"The man in our society is the breadwinner; the woman has enough to do as the homemaker, wife and mother"
About this Quote
“The man in our society is the breadwinner; the woman has enough to do as the homemaker, wife and mother” lands like a tidy proverb, which is exactly the trick. It packages a whole social order as common sense: not an argument, a dismissal. The phrase “in our society” does heavy lifting, turning a historically specific arrangement into something natural and inevitable, as if the culture itself is the author and individual choice is just noise.
Fields’ wording is tellingly managerial. “Breadwinner” flatters male labor with purpose and heroic clarity, while the woman “has enough to do” makes domestic work sound both abundant and contained. It’s a rhetorical pat on the head: you’re already busy, so don’t reach for more. The subtext isn’t merely that women belong at home; it’s that ambition outside the home is unnecessary, even ungrateful, because the role has been pre-filled with moral importance.
Context sharpens the edge. Fields worked in a mid-century entertainment industry that was glamorous onstage and deeply conservative backstage: a world where women could write hits yet still be treated as exceptions, anomalies who had to sound agreeable to stay employable. Read one way, the quote can be the period’s script spoken aloud, a line that reassures audiences unsettled by women’s growing public presence.

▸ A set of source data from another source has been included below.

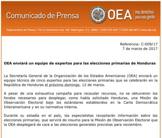 El comunicado no detalla las razones del por qué no se obtuvo el financiamiento que permitiera el envío de la misión que la OEA había prometido y para el cual había firmado un convenio con el gobierno de Honduras el pasado 3 de febrero.
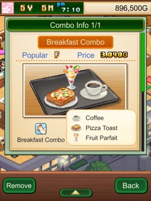 Feel like a little something on the side? Combine food items with drinks to create Combo Meals. These can also be entered into contests—pick the right meal for the right theme, and you're sure to win it big and make your cafe even more popular!
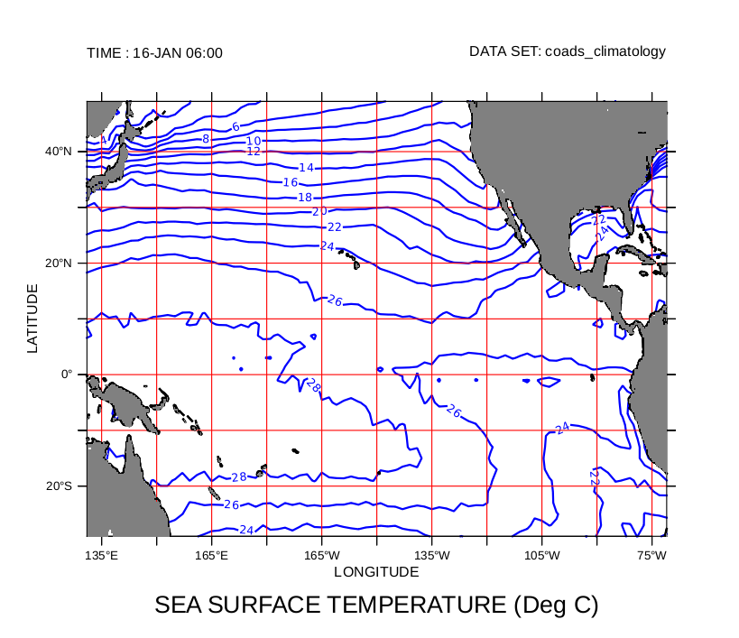 yes? USE coads_climatologyyes? SET REGION/X=130E:70W/y=30S:50N/L=1yes? CONTOUR/COLOR=blue/GRAT=(line,COLOR=red) sstyes? GO land thick yes? GO fland
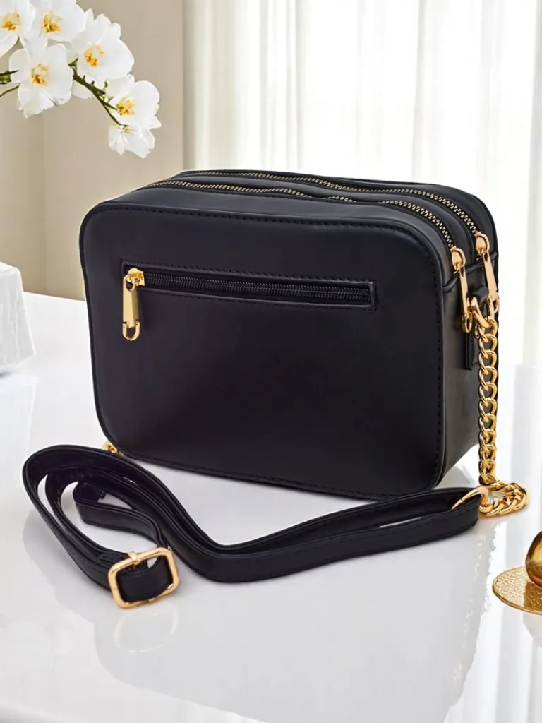 - Kompaktowa torebka z eko skóry z subtelnym tłoczeniem. Dwie komory i regulowany pasek łączą styl i funkcjonalność – idealna na co dzień i wieczorne wyjścia.
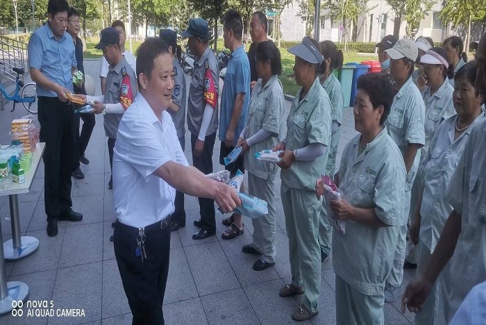 汪洋向高温仍坚持岗位的一线工作人员表示慰问,感谢他们保障了师生生活服务,维护了校园优美环境,希望高温季节注意身体健康。汪洋表示充分发挥工会驿站的功能,将陆续开展健康、服务等相关技能培训,提高大家技能,为学校提供更好的服务保障。

Read another way, it hints at the compromises demanded of successful women: to participate in modernity while publicly endorsing its limits. Either way, its power is in how effortlessly it turns hierarchy into harmony.

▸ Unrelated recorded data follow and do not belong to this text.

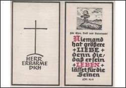 Gefallener 2. Weltkrieg; 1939-41 Forstlehre; 1942 eingezogen; Einsatz in Russland, Italien, Frankreich; Heldenfriedhof in Brectonville, 3 k. südwestl. Torigny |
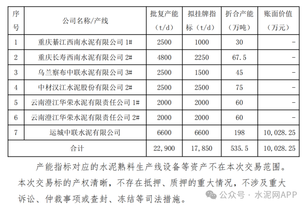 12月12日晚,天山股份發(fā)布公告稱,為最大程度發(fā)揮現(xiàn)有產(chǎn)能價值,結(jié)合生產(chǎn)線實際情況,公司所屬子公司擬將下屬7條水泥熟料生產(chǎn)線的產(chǎn)能指標(biāo)以公開掛牌方式進行轉(zhuǎn)讓,擬掛牌的產(chǎn)能指標(biāo)合計17,850t/d,折合535.5萬噸,轉(zhuǎn)讓金額合計約29,752.65 萬元。
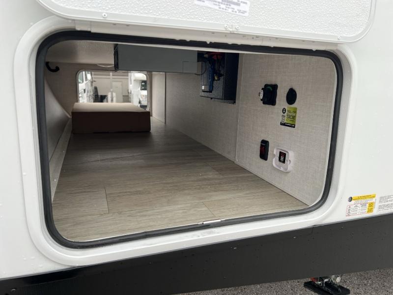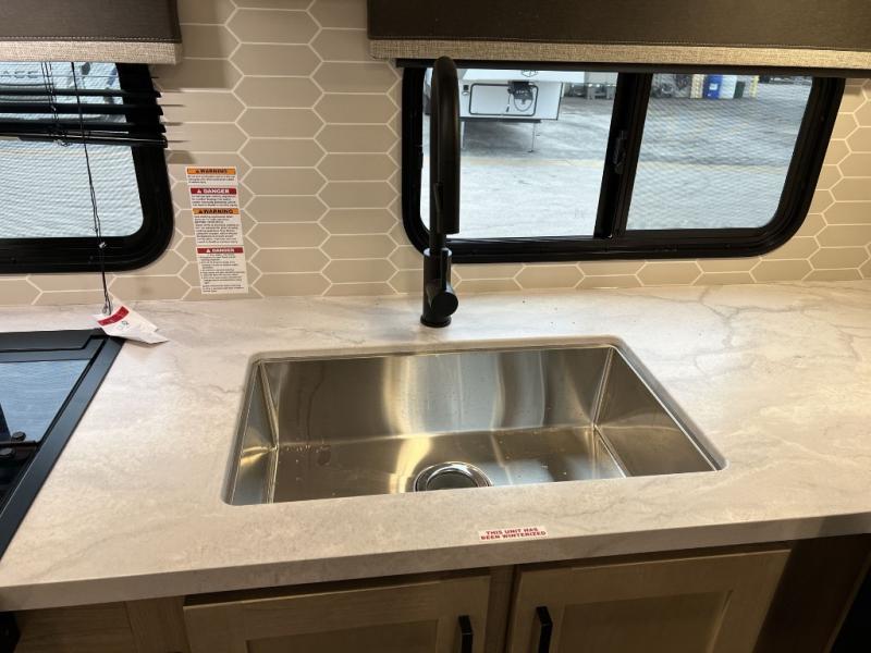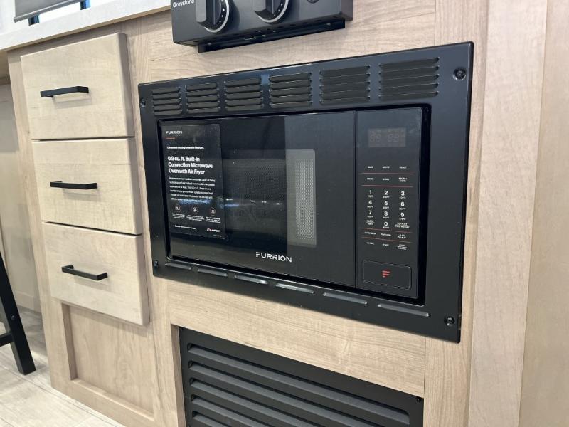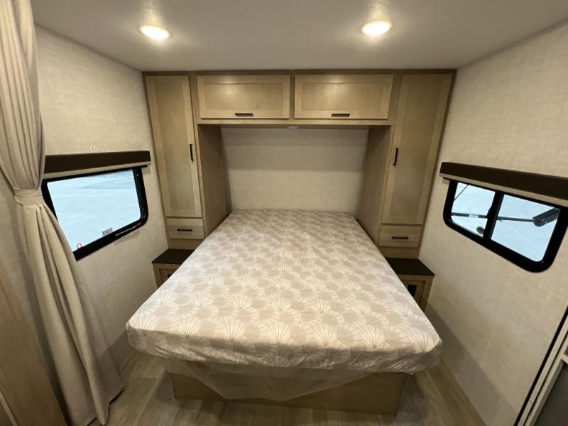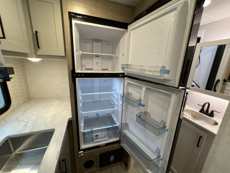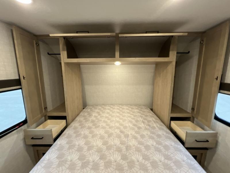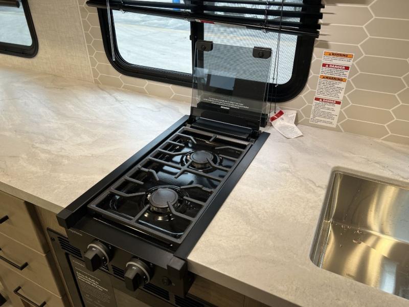 Camping trips just got sweeter in this single slide out travel trailer that will sleep two each night! There is a front queen bed with dual wardrobes and nightstands to keep your things tidy, plus a privacy curtain at the foot of the bed if you have someone staying over on an air mattress. You can relax on the theater seating slide out that also includes a wardrobe/pantry here for snacks or paper products. The kitchen with a dual burner cooktop and air fryer convection microwave will let you make meals each day, and the 10 cu. ft. 12V refrigerator will be perfect for your perishables. This unit also includes a breakfast bar/desktop area with two bar stools where you can dine or work from home. And of course there is a full bath on board so you can clean up after a day outdoors!

Fields’ wording is tellingly managerial. “Breadwinner” flatters male labor with purpose and heroic clarity, while the woman “has enough to do” makes domestic work sound both abundant and contained. It’s a rhetorical pat on the head: you’re already busy, so don’t reach for more. The subtext isn’t merely that women belong at home; it’s that ambition outside the home is unnecessary, even ungrateful, because the role has been pre-filled with moral importance.

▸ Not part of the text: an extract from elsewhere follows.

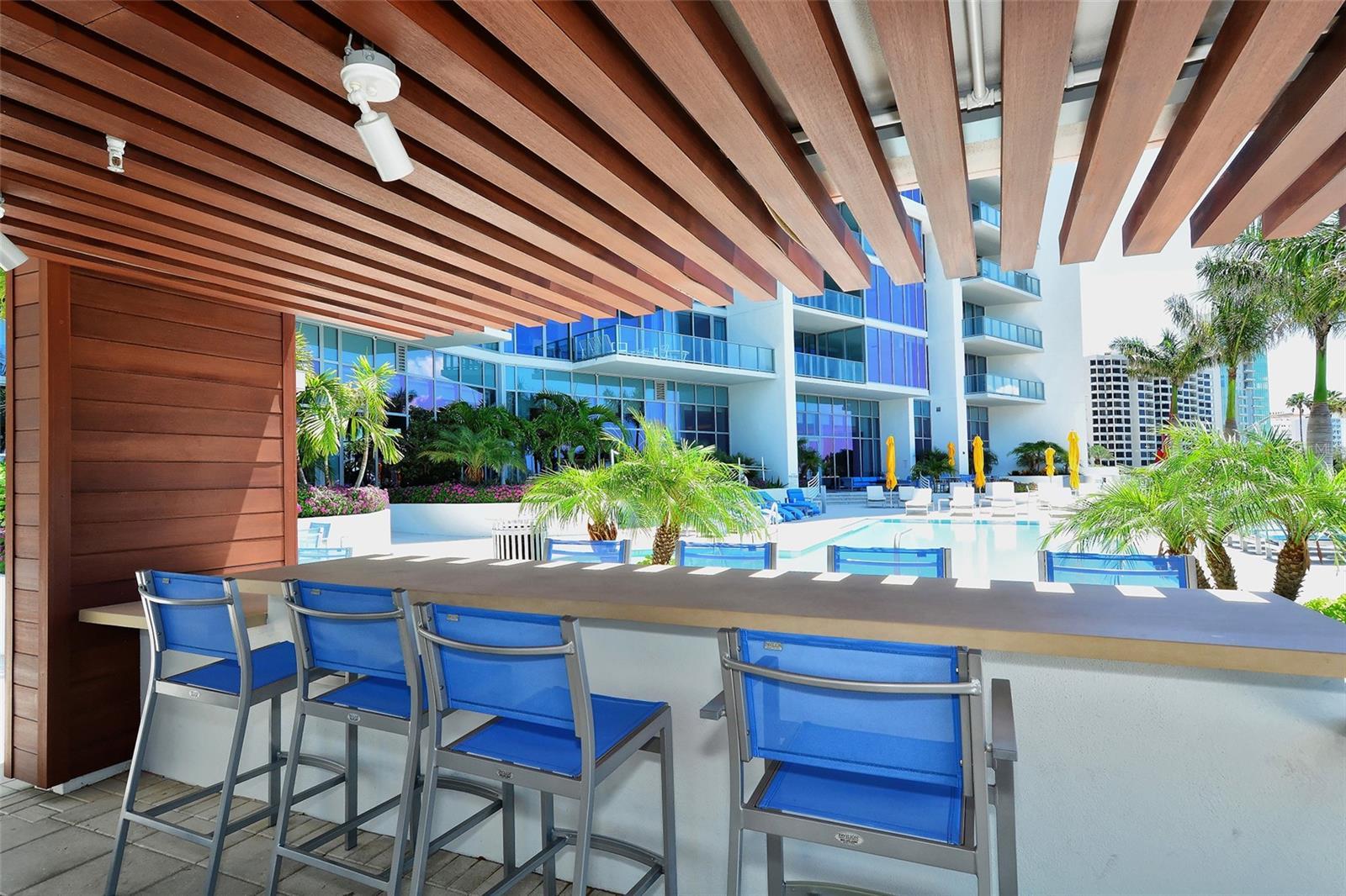 Some pictures are virtually staged. Exquisite water views from this 15th floor unit at The Vue! Ready for immediate occupancy, come and enjoy this vibrant lifestyle that downtown Sarasota has to offer. This coveted floor plan with southern exposure features floor-to-ceiling impact glass, beautiful wood floors throughout, 2 en-suite bedrooms, an office/den or a 3rd bedroom, an extra powder room, and a large laundry room. The elevator opens directly into your private foyer. As you enter, you will be amazed by the gorgeous views of Sarasota Bay, the marina, the Ringling bridge, and the Gulf of Mexico. Admire the spectacular sunsets every night from the spacious balcony that is accessible from the living room and the primary bedroom. Several great finishes include a gourmet kitchen with high-end stainless-steel appliances, granite countertops, induction cooktop, European white cabinetry, beautiful backsplash, a large island with extra sitting, and lots of storage. The primary bedroom provides a large customized walk-in closet and a second double closet. The primary bath has 2 sinks, a water closet, and a large walk-in shower. The guest suite features a bathroom with a soaking tub & shower. 2 parking spaces, and a climate control storage are included. The residents enjoy 24-hour concierge service, exclusive amenities including valet parking, sparkling lap pool & spa, an outdoor kitchen with 2 gas grills and bar, fitness center, a gorgeous club room, and a dog park with grooming station. Surrounded by restaurants, shops, theaters, the Ritz Carlton, the Westin Hotel, and the bayfront, makes The Vue the finest place to live downtown Sarasota.

Context sharpens the edge. Fields worked in a mid-century entertainment industry that was glamorous onstage and deeply conservative backstage: a world where women could write hits yet still be treated as exceptions, anomalies who had to sound agreeable to stay employable. Read one way, the quote can be the period’s script spoken aloud, a line that reassures audiences unsettled by women’s growing public presence. Read another way, it hints at the compromises demanded of successful women: to participate in modernity while publicly endorsing its limits. Either way, its power is in how effortlessly it turns hierarchy into harmony.